Big Thinkers, Big Data, and “Flawed” Economics

Big Thinkers, Big Data, and “Flawed” Economics

REUTERS/Fabrice Coffrini

After attending last year’s Economics Nobel Laureates Meeting in Lindau, Germany, I was very critical of what I heard from the laureates at the meeting.  The conference is intended to bring graduate students together with the Nobel Prize winners to learn about fruitful areas for future research. Yet, with all the challenges the Great Recession posed for macroeconomic models, very little of the conference was devoted to anything related to the Great Recession. And when it did come up, the comments were “all over the map.” And some, such as Ed Prescott, were particularly appalling as they made very obvious political statements in the guise of economic analysis. I felt bad for the students who had come to the conference hoping to gain insight about where macroeconomics was headed in the future.

I am back at the meetings this year, but the topic is physics, not economics, and it’s pretty clear that most physicists think they have nothing to learn from lowly economists. That’s true even when they are working on problems in economics and finance.

But they do have something to learn. Macroeconomic models are far from perfect, but there are still important lessons within them. One important lesson comes from Robert Lucas, a Nobel laureate in economics, and it relates directly to the influx of physicists into the financial sector.

For the most part, the empirical tools used by physicists working in finance are theoretical data grubbing techniques that search for exploitable correlations in historical data. For example, if there is an asset price that is correlated with an observable variable, hopefully with a lag, then price movements can be predicted – the higher the correlation the better the prediction – and used to make profit or hedge against risk. But as the Lucas critique points out, relying on these correlations can be dangerous since they can change when people try to exploit them.

Physicists are used to thinking about inanimate objects that do not react to policies or experiments that might affect them. To take a simple but illustrative example, suppose you tell your TV that you are about to throw a brick through the screen. Even after being warned, the TV will just sit there and be destroyed as the brick is hurled its way. But if you tell humans you are about to throw a brick at them, and the threat has some credibility, they will take action to avoid harm. People, unlike the objects physicists are used to working with, won’t just stand there and let the brick hit them in the head. This introduces additional complexity that is not present in the models that physicists rely upon – modeling humans is much harder than modeling brainless physical processes.

Old fashion economic models were much like the models that physicists use. That is, expectations were modeled in a way that did not allow people to move out of the way of the brick even if they knew it was coming. They were just like the TV. For example, policies that stimulated the economy by lowering real wages could not be offset and undermined by workers demanding wage increases. Because of this, policy was maximally effective.

In modern macroeconomic models expectations are modeled in a more reasonable way, and agents are able to take action to avoid the harmful byproducts of macroeconomic policy. In present day Classical models, agents are sufficiently nimble to avoid harm as they dance effortlessly out of the way when the brick is tossed. In these models, policy doesn’t matter at all. In New Keynesian models agents fully anticipate policies, but frictions prevent them from fully avoiding harm. It’s similar to one of those bad dreams where you know the monster is coming, but your feet just won’t move fast enough to get out of the way.
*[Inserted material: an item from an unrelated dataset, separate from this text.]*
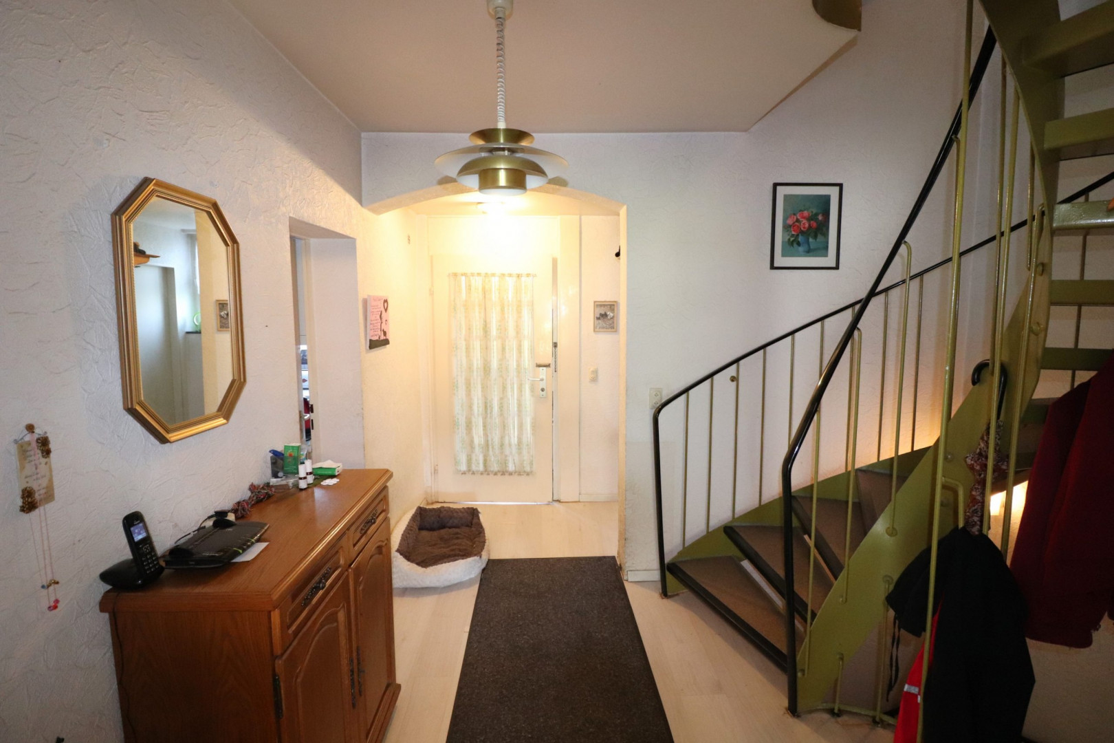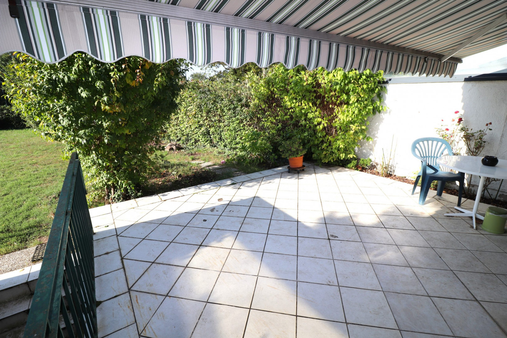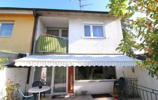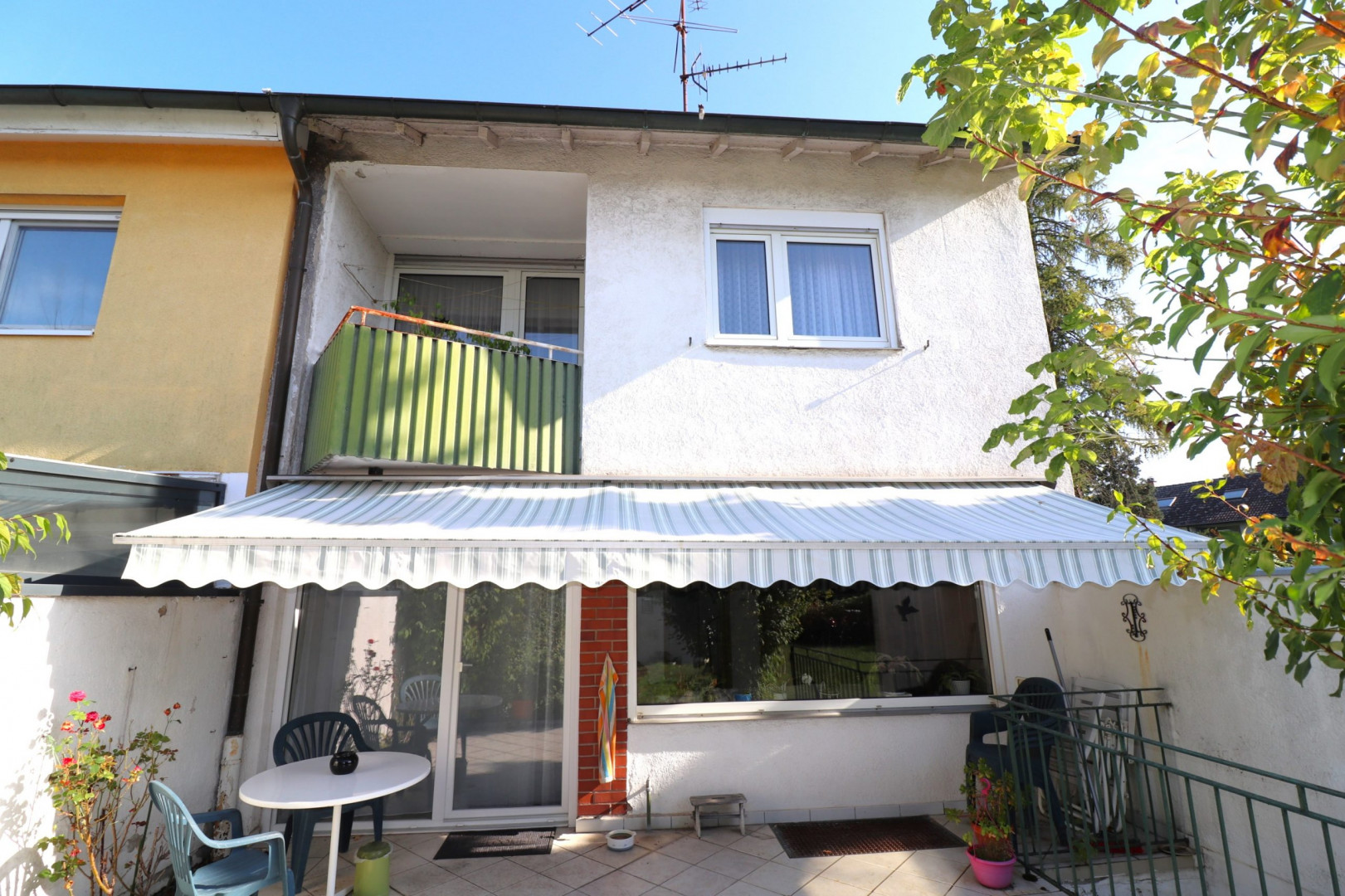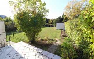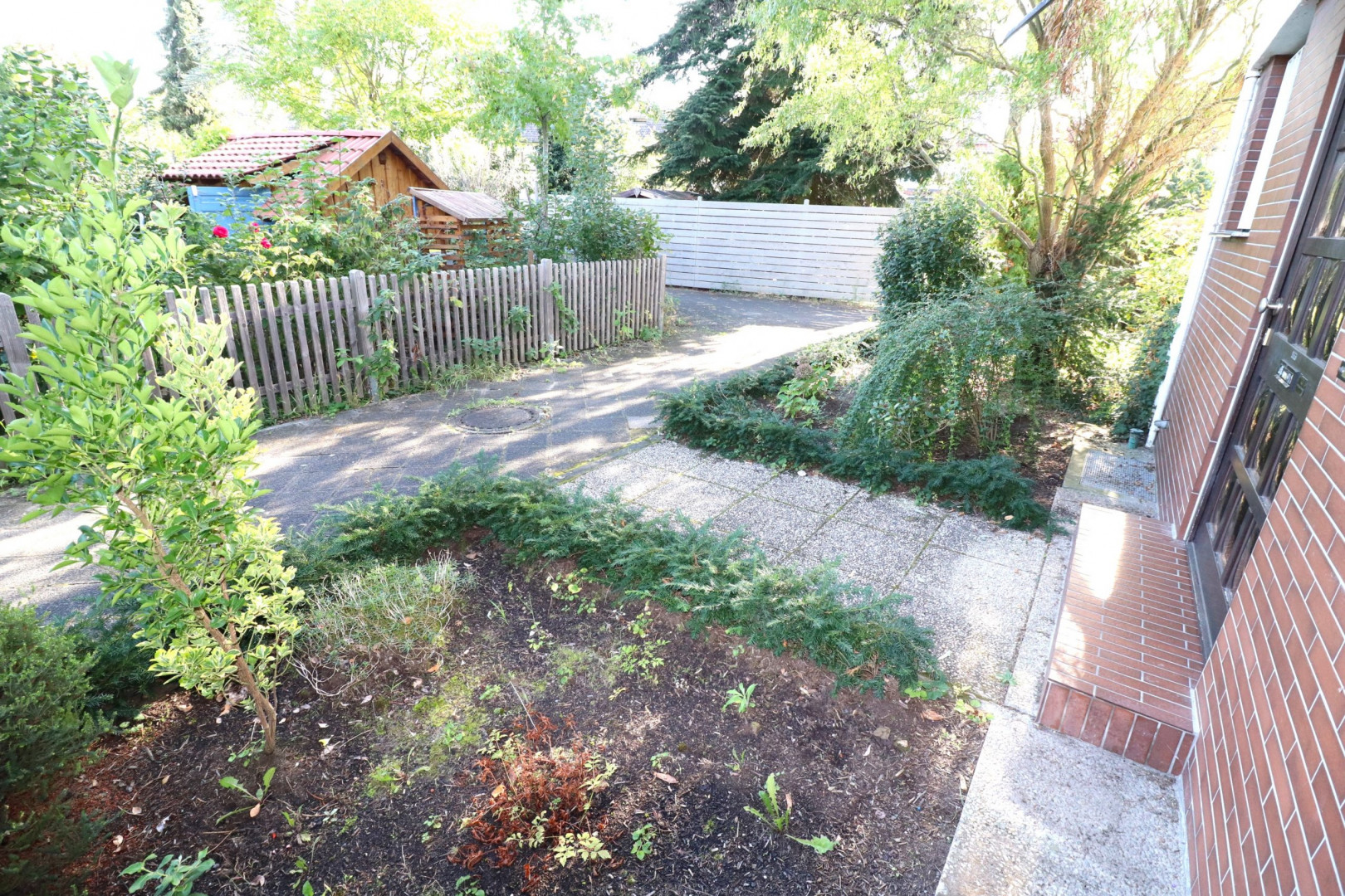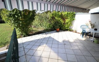 Die Terrasse ist mit einer großflächigen elektrischen Markise ausgestattet. Eine Einzelgarage befindet sich auf dem Grundstück und ermöglicht per Seitentür einen direkten Zugang vom Gartenbereich.

In New Keynesian models, sluggishness allows the brick to deliver a glancing, but not fatal blow – that is, policy is effective, but not as effective as when agents do not move at all.

The point is that when analysts from physics or anywhere else attempt to exploit correlations in the data, someone will be harmed – the profits come from somewhere – and people will take action to insulate themselves from those losses. The actions they take will differ from the historical correlations, and in order to understand and predict what will actually happen a theoretical model of some sort is needed. At the very least, physicists need to understand that people are different from the inanimate objects they are used to modeling, and failing to account for how agents will respond to an attempt to exploit historical correlations can lead to large – sometimes very large – analytical errors.

I am not arguing that the influx of physicists into finance caused the crisis. But the failure to understand and appreciate what economic theory has to offer, even with all its flaws, exacerbated losses and amplified the downturn. Physicists shouldn’t forget that economists, even with their imperfect theories, can help them avoid these big and costly mistakes.